What's needed is the listing below, repeated word for word with no pictures.

• **Collected material**

□ □ □ □ □ □ □

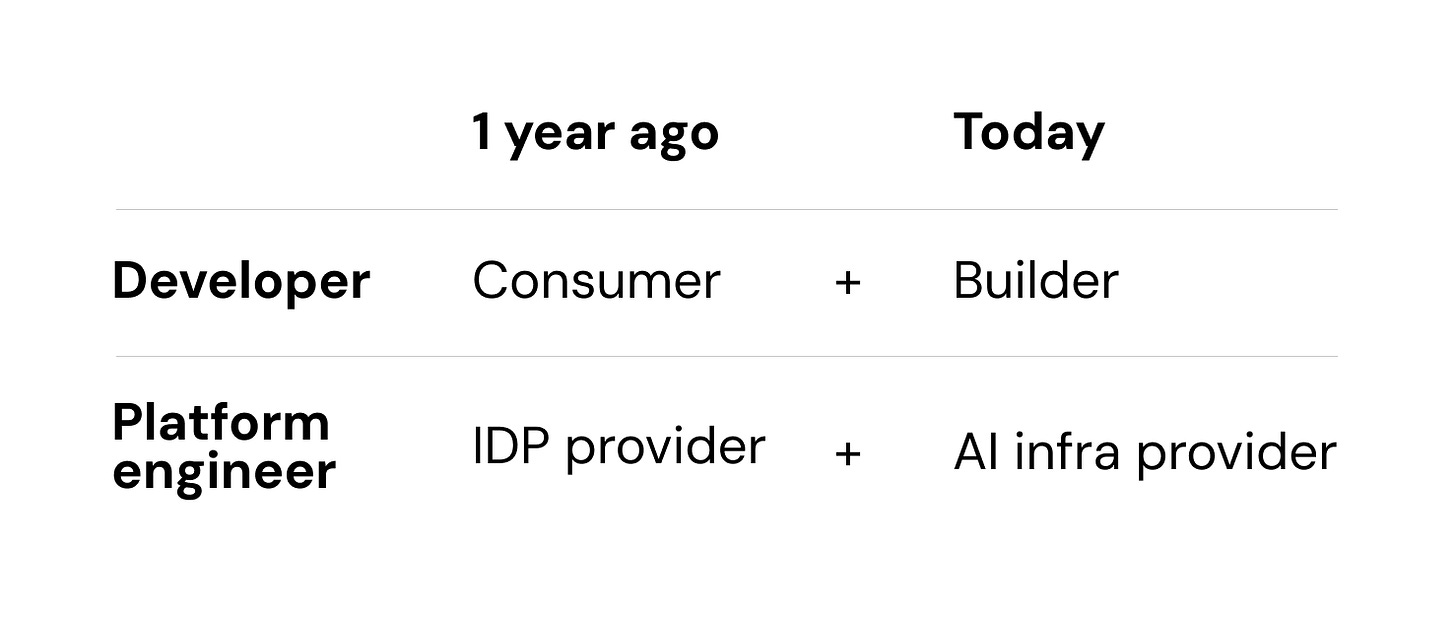 With AI, developers became builders of agentic workflows. By building agents, they can automate large parts of their jobs. They’re building SRE agents, release agents, skills, etc. They already got permission to use all these AI tools, so they started to stitch stuff together.
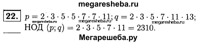 22. Найдите наибольший общий делитель чисел р и q, если р = 2*3*5*5*7*7*11 и q = 2*3*3*5*7*11*13.
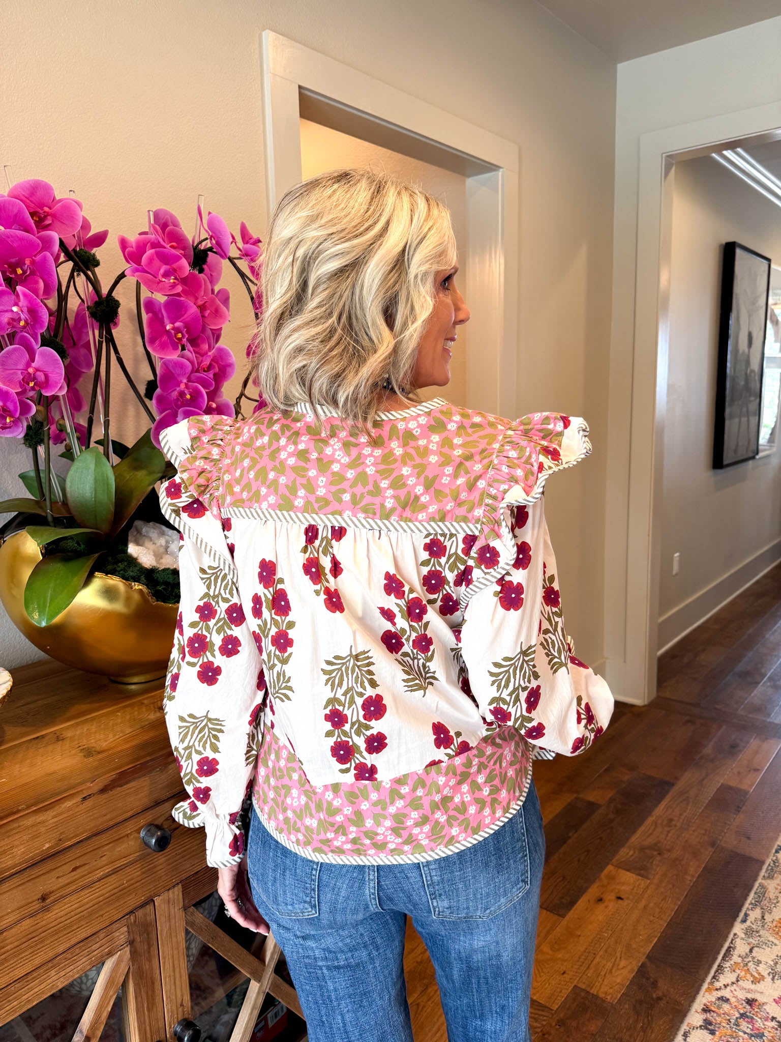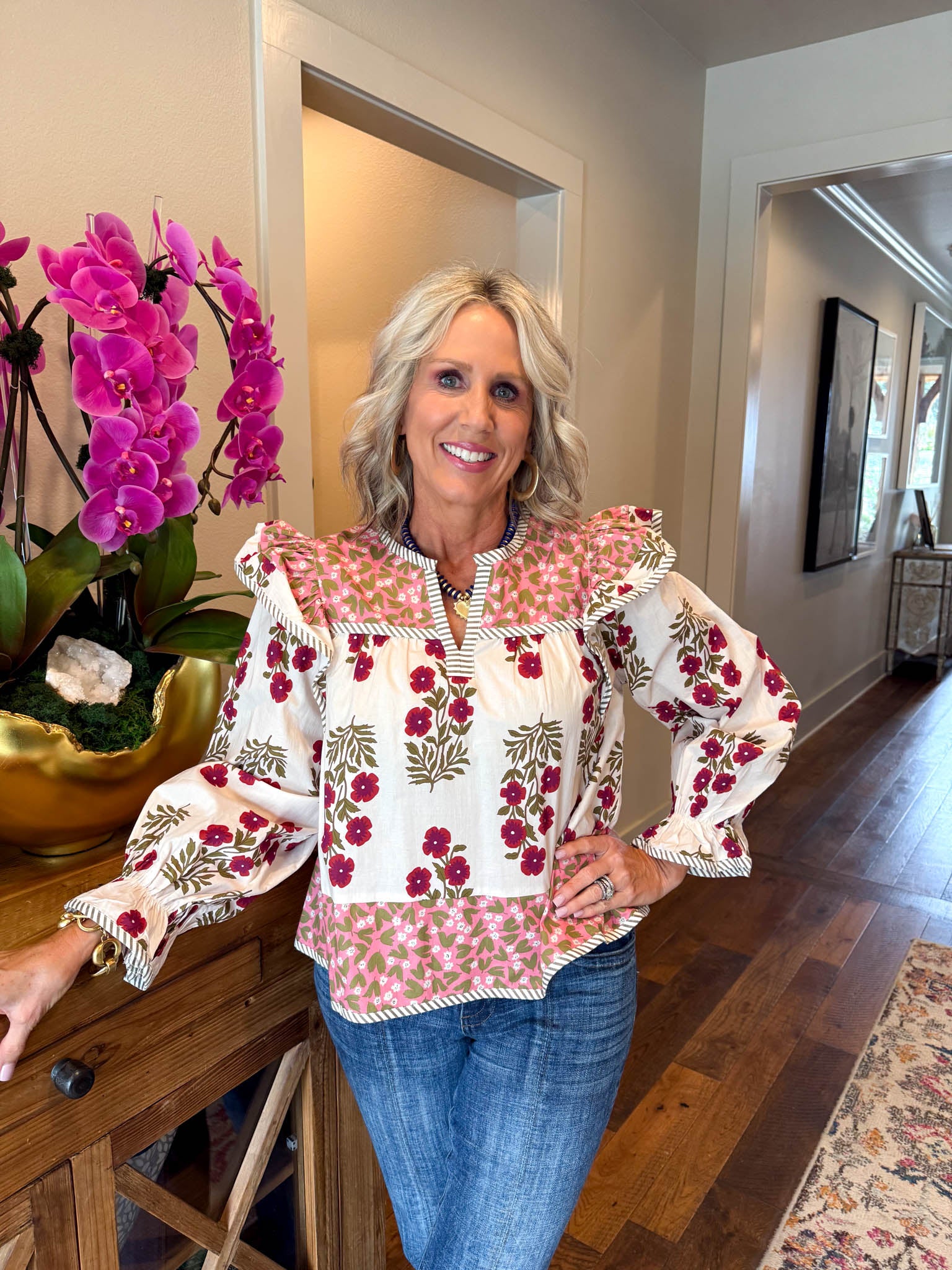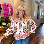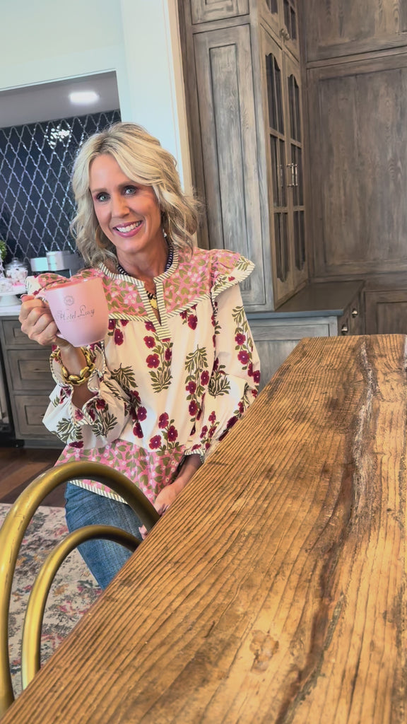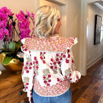 Elevate your look with the Gia Blouse, where playful pink florals meet cozy long sleeves for a vibrant touch of charm.

□ □ □ □ □ □ □

• **Task solution**
 With AI, developers became builders of agentic workflows. By building agents, they can automate large parts of their jobs. They’re building SRE agents, release agents, skills, etc. They already got permission to use all these AI tools, so they started to stitch stuff together.
 22. Найдите наибольший общий делитель чисел р и q, если р = 2*3*5*5*7*7*11 и q = 2*3*3*5*7*11*13.
 Elevate your look with the Gia Blouse, where playful pink florals meet cozy long sleeves for a vibrant touch of charm.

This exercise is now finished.